Homenaje a la paja

Queridos lectores, una sola recomendación: está prohibido tocarse durante la lectura de esta entretenidísima nota.

Fuente: diario El Mundo, de Madrid.

Técnicas masturbatorias

Por Josep Tomás

El otro día me llamaron de un programa de radio para hablar de la masturbación y yo encantado. No sólo por el hecho de volver por unos minutos al medio en el que empecé mi carrerón, sino por departir de una manera tranquila y sosegada (y a las 11.00 de la mañana) de un tema que aún genera tanta controversia, golpes de pecho y caras de agobio.

En otros post ya hemos hablado de lo universal que es esta práctica en cuanto a género y edad, sus efectos beneficiosos en el conocimiento de nuestra propia sexualidad y la de tonterías que se han inventado algunos a lo largo de los siglos (inútilmente) para evitarla. Por lo tanto, hoy daremos una vuelta de tuerca a la cuestión y hablaremos de algunas técnicas que vienen a refrendar la vieja idea que, cuando hablamos de estos menesteres, cada maestrillo tiene su librillo.

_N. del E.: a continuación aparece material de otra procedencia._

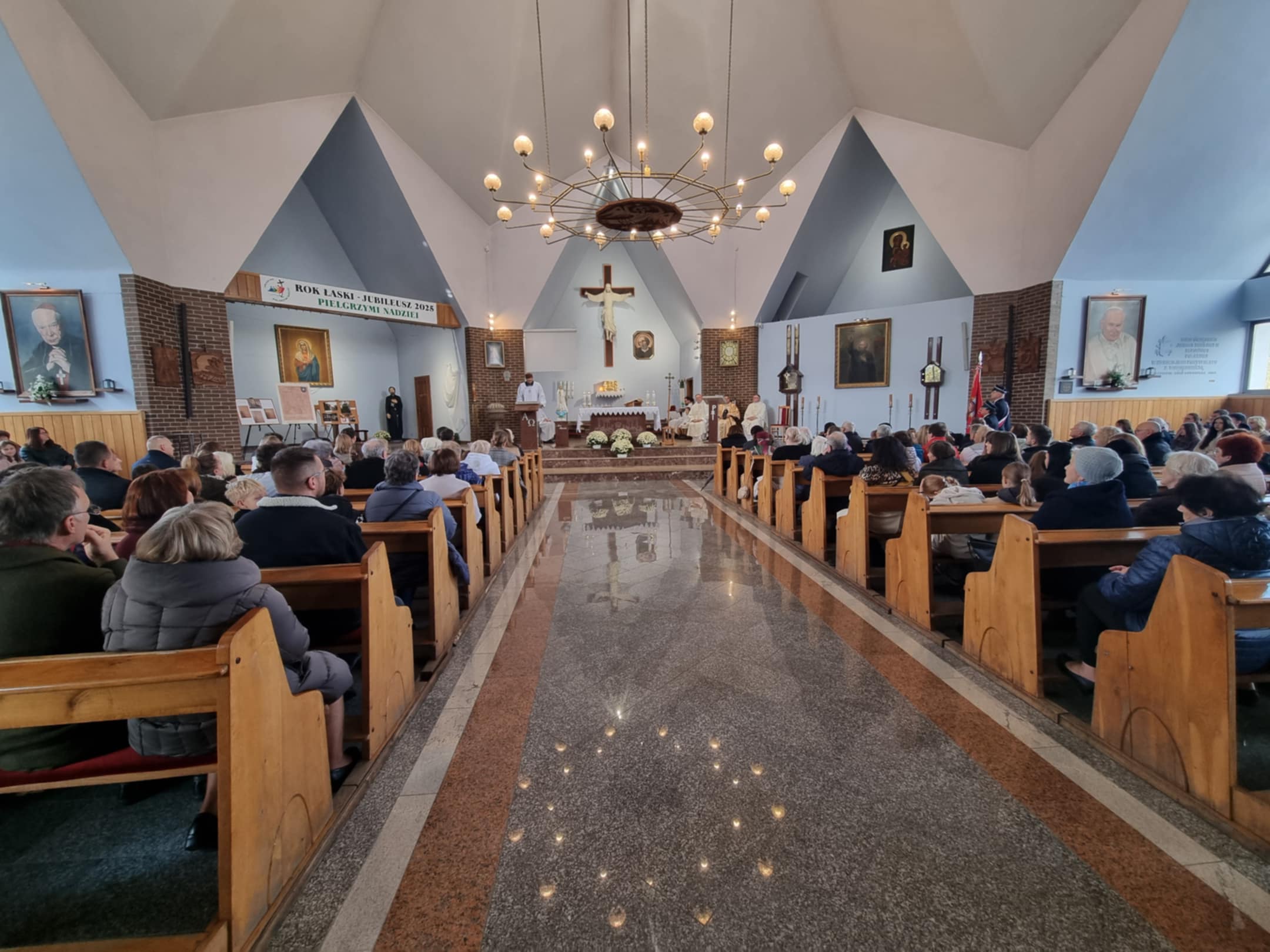 Homilię do licznie zgromadzonych wiernych wygłosił ksiądz Wojciech Lemański, który w swoim słowie podkreślił, że ta świątynia zaczęła się budować jeszcze długo przed wzniesieniem murów kościoła. "Ten Kościół zaczął budować się z żywych kamieni ludzi, którzy chcieli razem Bogu chwałę oddawać"- mówił ksiądz Lemański. I dalej zaznaczył- "My dzisiaj nie świętujemy odrestaurowania tego kościoła, my dzisiaj Bogu dzięki składamy za tych, którzy ponad troskę o to, by w ten czas powojenny mieć co włożyć do garnka i mieć dach nad głową, mieli troskę o to, że chcą mieć swój Kościół, swoje miejsce modlitwy i spotkania z Bogiem."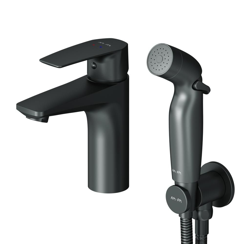 Смеситель для раковины Am.Pm Gem F90A03022 c гигиеническим душем черный Подробнее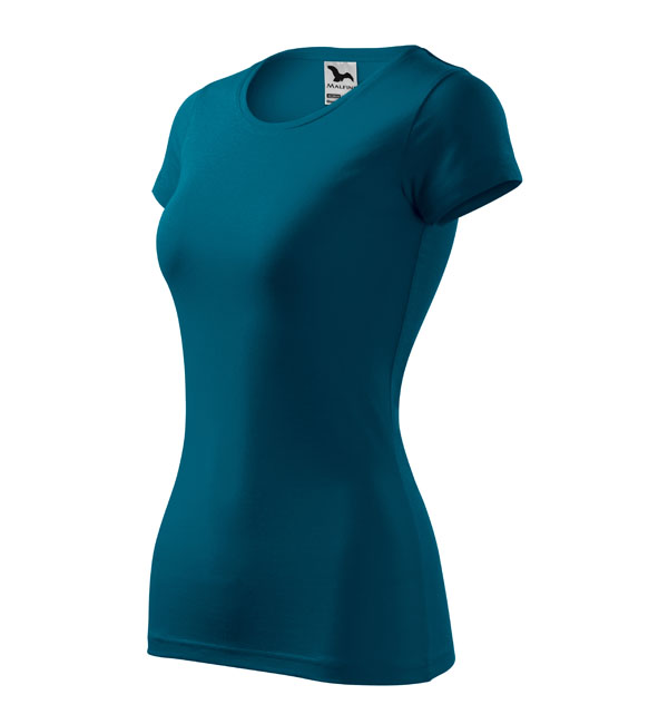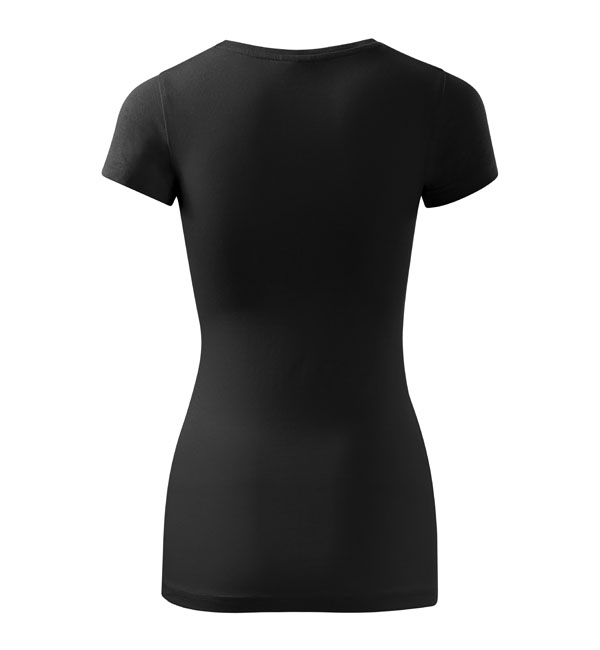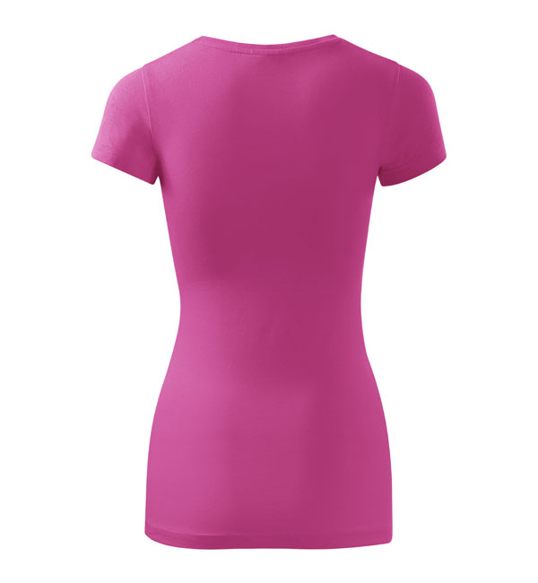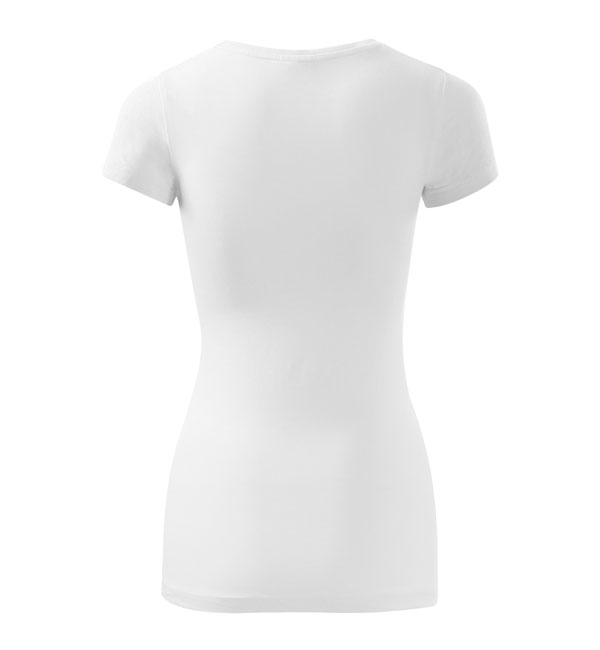 Koszulka damska z okrągłym dekoltem; materiał z dodatkiem elastanu; dopasowany krój z bocznymi szwami podkreslający kobiecą sylwetke; dekolt z wąską lamówką z tego samego materiału.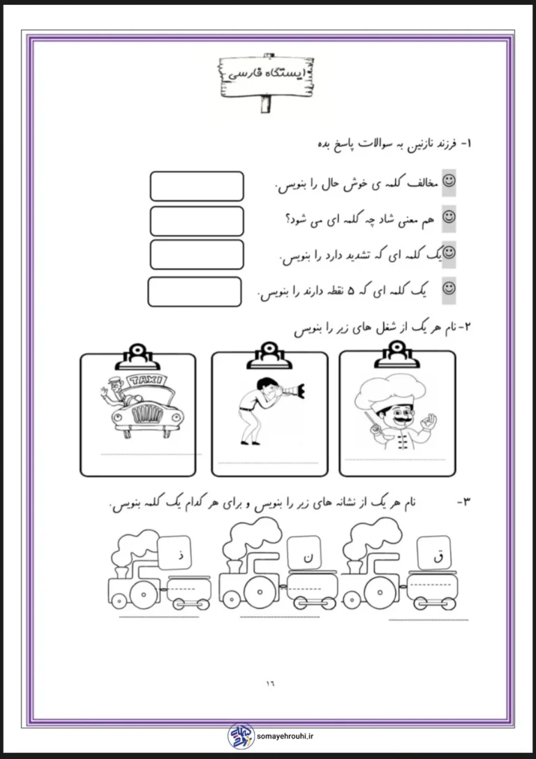 - ویژگیها: طراحی جذاب و کودکانه با استفاده از تصاویر ملموس (تاکسی، آشپز، کشاورز) برای افزایش انگیزه، تنوع در نوع سؤالات برای درگیر کردن بخشهای مختلف ذهن و تمرکز بر مفاهیم پایهای زبان فارسی.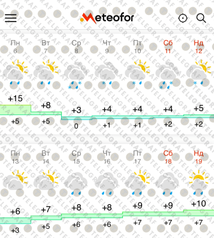 Найбільш неприємним сюрпризом стане повернення зимових опадів. Протягом усього тижня перед Великоднем очікується мокрий сніг з дощем. Температура повітря вдень впаде до +3…+4°C. У середині тижня температура повітря вночі опуститься до 0°C, а в інші дні коливатиметься в межах +1…+2°C.

Tradicionalmente hay muchas maneras de denominar a la masturbación, sobre todo si es masculina. No olvidemos que hasta hace cuatro días, a las mujeres ni siquiera se les suponía el placer del autoerotismo. ‘Paja’, ‘cinco contra el calvo’, ‘manola’ o ‘cuca’ (más sus correspondientes versiones vernáculas en los diferentes idiomas peninsulares) son alguna de las formas utilizadas por el vulgo para referirse a tales prácticas.

Y que también sirven para jugar ‘a las películas’, como podemos comprobar en este fragmento de un programa de la televisión argentina… En mi conversación radiofónica con la sexóloga Silvia de Béjar recordamos algunas prácticas y modalidades onanistas a las que algunos, con fines humorísticos, han bautizado como paja ‘Gelocatil’ (cuando te duele la cabeza); ‘Valeriana’ (para relajarte si tienes insomnio) o ‘Preventiva’ (a la que recurren algunos antes de una cita amorosa para evitar accidentes posteriores en forma de eyaculación precoz).

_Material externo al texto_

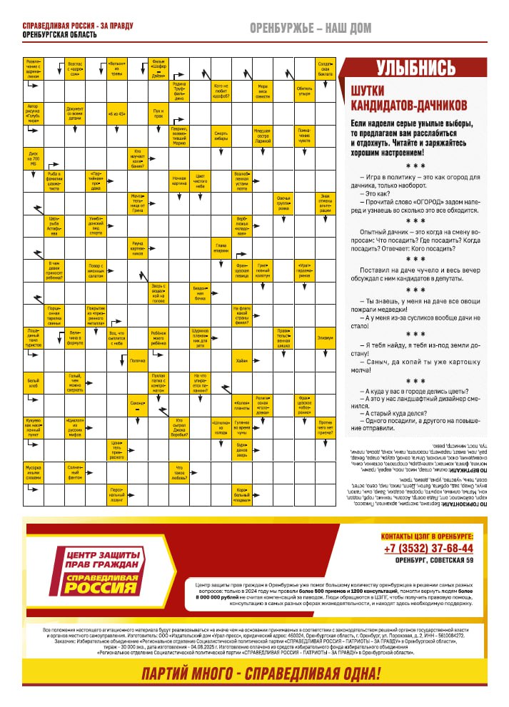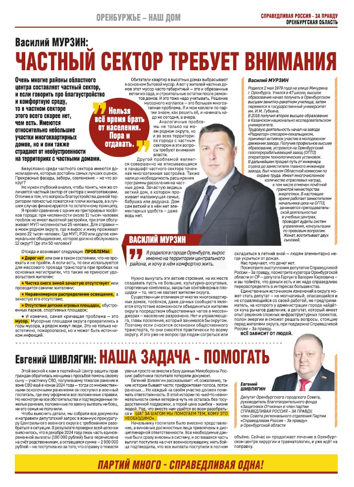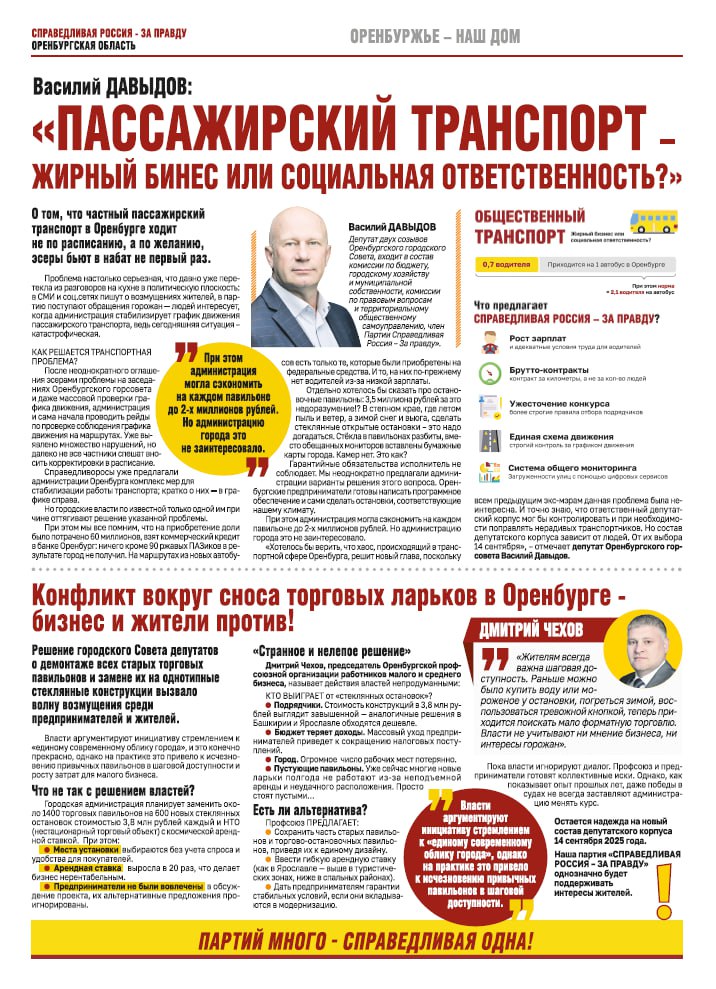 На страницах информационного издания – истории жителей, инициативы партии, аналитика и инфографика о реальном положении дел в Оренбурге... ну и, конечно, полезные контакты, кроссворд и немного юмора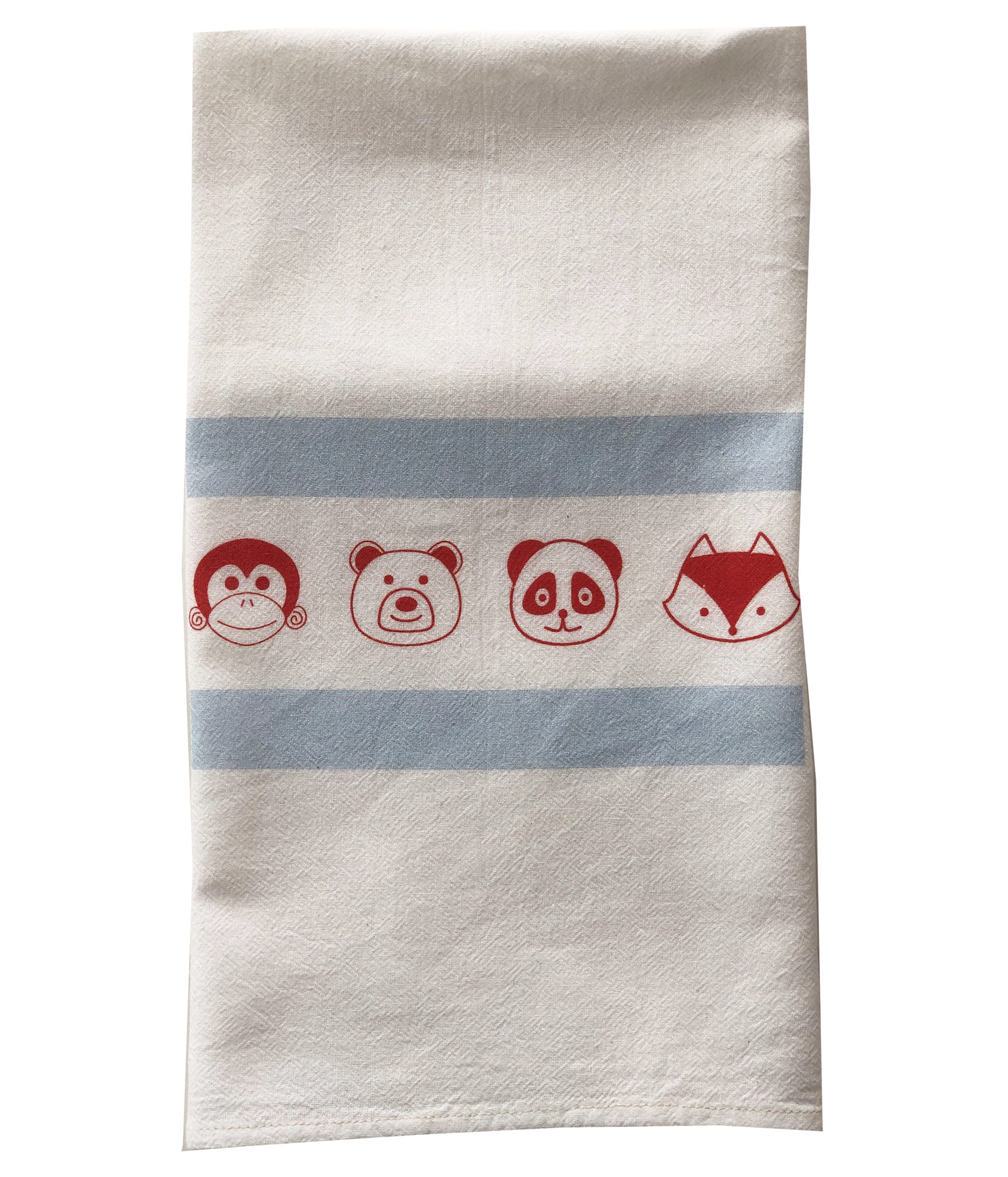 Hand drawn silk screened on the natural flour sacks. They are good for cleaning, and kitchen use.

Por cierto, esta última quedó maravillosamente ilustrada en la película ‘Algo pasa con Mary’, con sorprendente equívoco final. Además de las tres que he mencionado, sin duda, hay muchas más. La creatividad y el ingenio popular resultan prácticamente inabarcables. Recuerdo que en mi colegio (al fin y al cabo, la adolescencia suele ser la verdadera edad de oro en estas cuestiones) había algún que otro elemento entre el alumnado cuya inventiva era sorprendente.

El clásico “sentarte encima de la mano unos minutos hasta dormirla con el fin de imaginar que se trata de otra persona la que toca la zambomba” (¿y a esta técnica cómo le llamamos, en diferido?) quedó ampliamente superado por otras prácticas que implicaban la participación de moscas sin alas, bistecs de la nevera, melones o boles de arroz hervido. Siempre me quedará la duda de si los compañeros que propagaban estas leyendas de patio de colegio realmente las llevaron a cabo… Yo tengo que reconocer que siempre he sido más funcional. En cualquier caso, para corroborar estas cuestiones, ahí está el foro. Es anónimo.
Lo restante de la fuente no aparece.